La selección española, una generación salvada
La Roja se queda con la gesta, eso que sabe tan poco cuando la gesta no se traduce en gloria


Como tantas estrellas del fútbol femenino, Mariona Caldentey creció jugando entre niños, compitiendo contra ellos y siendo confundida, por su talento, con uno de ellos. Antonio Barea, seleccionador balear y ojeador y captador de las selecciones inferiores, la recordó así hace dos años en el diario mallorquín Última Hora: “Fui a ver a un partido y pensé que era un niño. Por su aspecto y por cómo se movía, hasta que alguien de la grada me dijo: ‘Usted se equivoca, es una niña’, y me quedé muy sorprendido”. Lo demás es conocido: Mariona Caldentey se convirtió en una leyenda del Barcelona, donde ganó 19 títulos antes de irse al Arsenal a seguir ganando, y de la selección española, campeona del mundo.
Nunca se sabe, en ninguna parte, en ningún momento, dónde está la gloria y el golpe. Caldentey sufrió el mayor de todos en 2018 con la muerte repentina de su padre a causa de un infarto, Miguel Ángel Caldentey, culé acérrimo, fanático seguidor de su hija y su primer apoyo desde que era niña. Sus padres fueron los responsables de que su hija no tuviese en su pasión por el fútbol una carrera de obstáculos: la criaron en un ambiente proclive a que desarrollase su talento donde quisiese, le hicieron ver que todo es para todos y a veces hay que pedirlo, y otras, cogerlo sin más. Todos los trenes que pasaron por la carrera de Mariona Caldentey los cogió; todos los hizo descarrilar hacia el éxito suyo y de sus equipos.
El momento de gloria de Caldentey, uno especialmente sensible, ocurrió este domingo 27 de julio. Fue algo brillante e inesperado, como tantas cosas ocurren en verano. Un centro de Ona Batlle fue rematado por la mallorquina de una manera tan inapelable que la portera ya estaba dirigiéndose a una defensa suya cuando el balón aún no había ni entrado. Fue un testarazo letal, impresionante; un zumbido a la escuadra que puso España patas arriba y la selección con las antorchas arriba. Fueron los mejores minutos de la selección, su juego de presión y ataque, el descorche de Bonmatí o Putellas o Athenea del Castillo. Y cuando después del descanso llegó el empate (otro cabezazo, este de Alessia Russo, también imposible para la portera), España se sostuvo en el orden y la solidaridad de las coberturas y los apoyos, y en la fe que tienen las que fueron campeonas del mundo alguna vez y en algún lugar, en algún tiempo.

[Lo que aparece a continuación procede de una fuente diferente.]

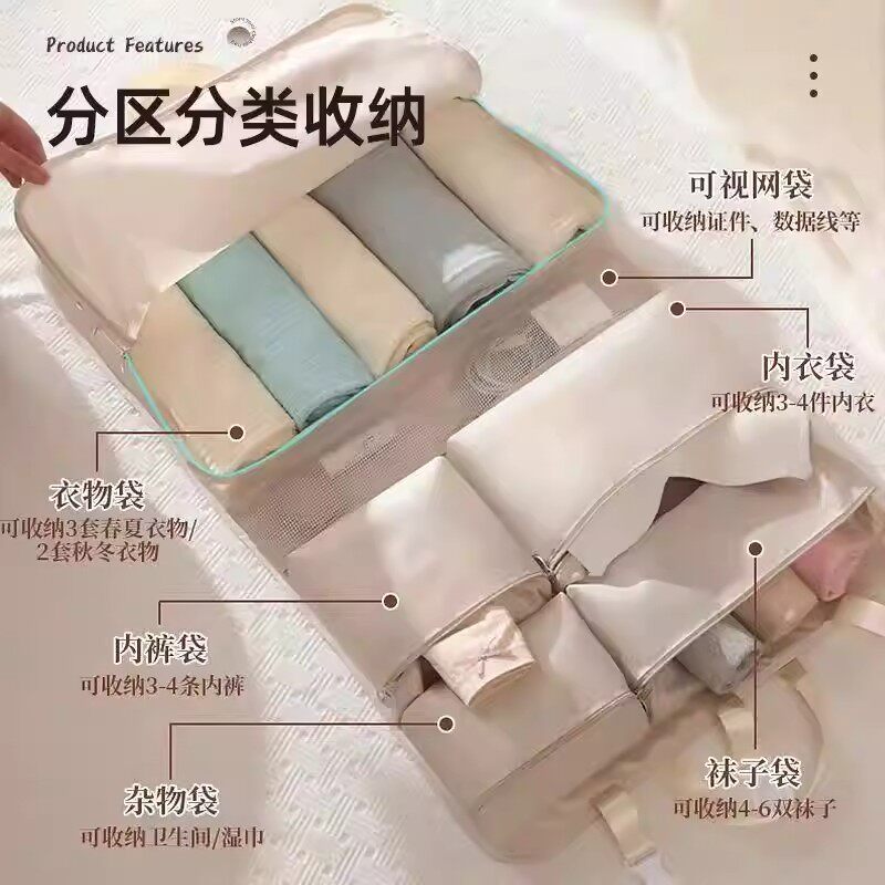 七合一旅行收纳袋出差旅游行李箱衣物分装整理袋子内衣内裤收纳包

Se conserva la memoria muscular, aquello que tiene que ver con levantar trofeos; quien levantó uno tan grande sabe cómo se levantan otros.
Con ese espíritu se llegó a la prórroga. La prórroga es la segunda oportunidad que le da el fútbol a quienes intentaron ganar el partido en 90 minutos, y la primera oportunidad a quienes resistieron. Y los penaltis lo igualan todo. Los penaltis, la tanda de penaltis en una final, es el dado que la vida tira sin discreción cuando lo último que necesitas es azar. Es cuando ocurre todo lo que casi nunca ocurre: falló Caldentey, por ejemplo. Falló Aitana. Hizo un paradón Cata cuando España ya estaba perdida, pero falló luego Salma y la condena se escribió sola. Inglaterra repite corona de Europa y España, la histórica generación española, se queda con la gesta, eso que sabe tan poco cuando la gesta no se traduce en gloria. Eso que sabe tanto cuando no había gesta ni había gloria.